* _PROVIDED DATA_

--------

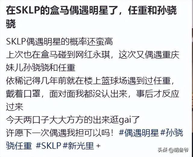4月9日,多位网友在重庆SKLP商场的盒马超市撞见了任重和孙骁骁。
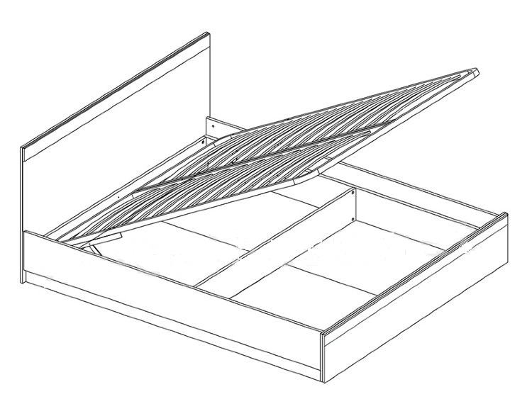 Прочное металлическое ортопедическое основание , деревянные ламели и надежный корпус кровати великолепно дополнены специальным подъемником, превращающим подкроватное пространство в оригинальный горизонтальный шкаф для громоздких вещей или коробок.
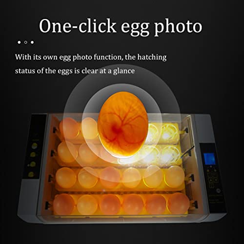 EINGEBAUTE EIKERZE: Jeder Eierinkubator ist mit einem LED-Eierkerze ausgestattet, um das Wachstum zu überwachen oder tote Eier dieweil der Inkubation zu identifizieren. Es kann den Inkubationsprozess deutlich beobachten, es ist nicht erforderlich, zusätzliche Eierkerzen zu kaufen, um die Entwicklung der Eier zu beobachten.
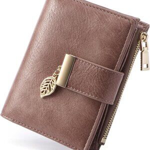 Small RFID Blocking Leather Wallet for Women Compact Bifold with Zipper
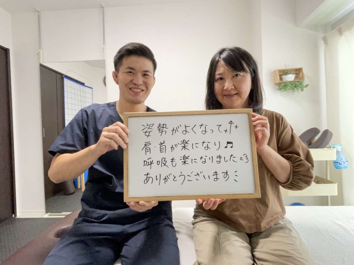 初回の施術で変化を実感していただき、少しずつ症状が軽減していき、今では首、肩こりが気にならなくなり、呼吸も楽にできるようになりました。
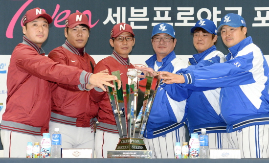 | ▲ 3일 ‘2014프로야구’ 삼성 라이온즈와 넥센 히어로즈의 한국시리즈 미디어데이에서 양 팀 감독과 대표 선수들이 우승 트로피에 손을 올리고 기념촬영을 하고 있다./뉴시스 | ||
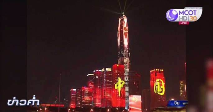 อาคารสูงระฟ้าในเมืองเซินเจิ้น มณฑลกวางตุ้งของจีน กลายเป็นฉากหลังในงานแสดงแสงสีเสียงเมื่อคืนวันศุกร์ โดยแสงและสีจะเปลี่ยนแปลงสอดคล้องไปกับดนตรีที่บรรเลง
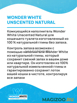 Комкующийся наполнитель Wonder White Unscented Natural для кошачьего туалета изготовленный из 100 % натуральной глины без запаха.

--------

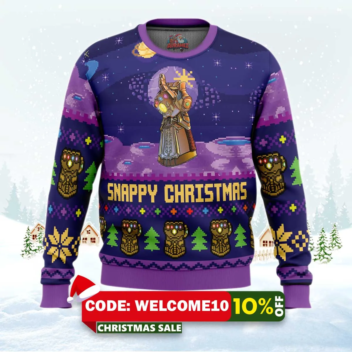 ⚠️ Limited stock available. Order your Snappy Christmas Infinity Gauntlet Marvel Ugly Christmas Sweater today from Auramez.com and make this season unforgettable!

--------

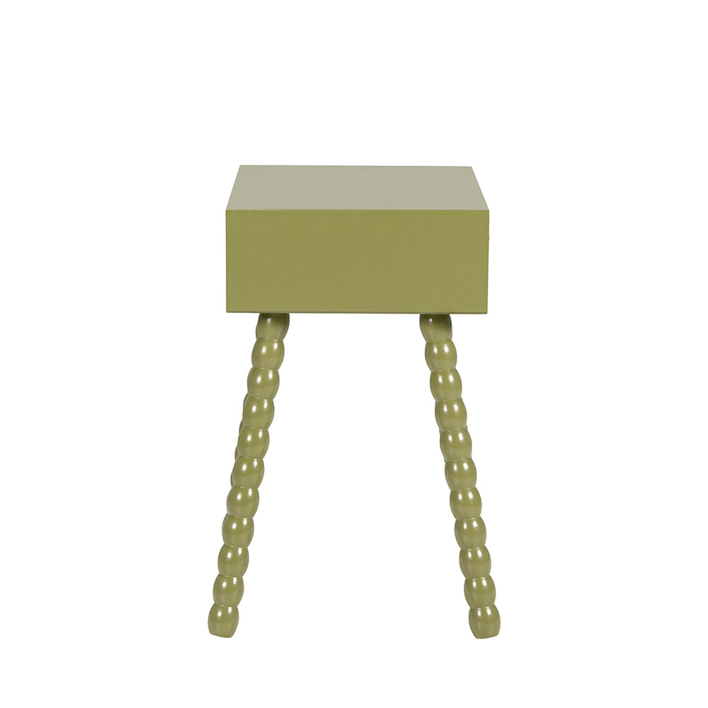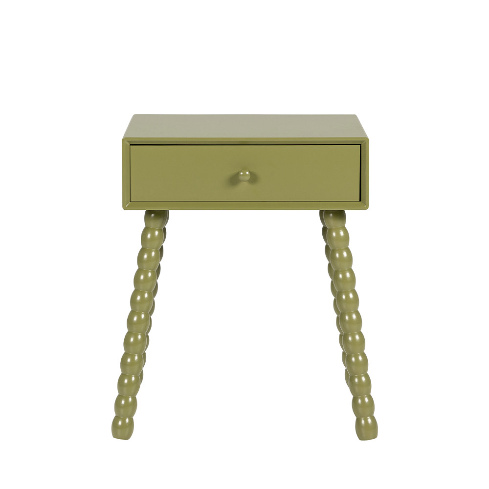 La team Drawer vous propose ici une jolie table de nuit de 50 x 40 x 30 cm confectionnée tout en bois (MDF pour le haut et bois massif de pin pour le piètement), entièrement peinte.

--------

* _DIRECTIONS_
Between and including the line with "4月9日,多位网友在重庆SKLP商场的盒马超市撞见了任重和孙骁骁。" and the line with "Комкующийся наполнитель Wonder", repeat every line exactly as it appears above, with pictures left out.

* _PROBLEM SOLUTION_
4月9日,多位网友在重庆SKLP商场的盒马超市撞见了任重和孙骁骁。
 Прочное металлическое ортопедическое основание , деревянные ламели и надежный корпус кровати великолепно дополнены специальным подъемником, превращающим подкроватное пространство в оригинальный горизонтальный шкаф для громоздких вещей или коробок.
 EINGEBAUTE EIKERZE: Jeder Eierinkubator ist mit einem LED-Eierkerze ausgestattet, um das Wachstum zu überwachen oder tote Eier dieweil der Inkubation zu identifizieren. Es kann den Inkubationsprozess deutlich beobachten, es ist nicht erforderlich, zusätzliche Eierkerzen zu kaufen, um die Entwicklung der Eier zu beobachten.
 Small RFID Blocking Leather Wallet for Women Compact Bifold with Zipper
 初回の施術で変化を実感していただき、少しずつ症状が軽減していき、今では首、肩こりが気にならなくなり、呼吸も楽にできるようになりました。
 | ▲ 3일 ‘2014프로야구’ 삼성 라이온즈와 넥센 히어로즈의 한국시리즈 미디어데이에서 양 팀 감독과 대표 선수들이 우승 트로피에 손을 올리고 기념촬영을 하고 있다./뉴시스 | ||
 อาคารสูงระฟ้าในเมืองเซินเจิ้น มณฑลกวางตุ้งของจีน กลายเป็นฉากหลังในงานแสดงแสงสีเสียงเมื่อคืนวันศุกร์ โดยแสงและสีจะเปลี่ยนแปลงสอดคล้องไปกับดนตรีที่บรรเลง
 Комкующийся наполнитель Wonder White Unscented Natural для кошачьего туалета изготовленный из 100 % натуральной глины без запаха.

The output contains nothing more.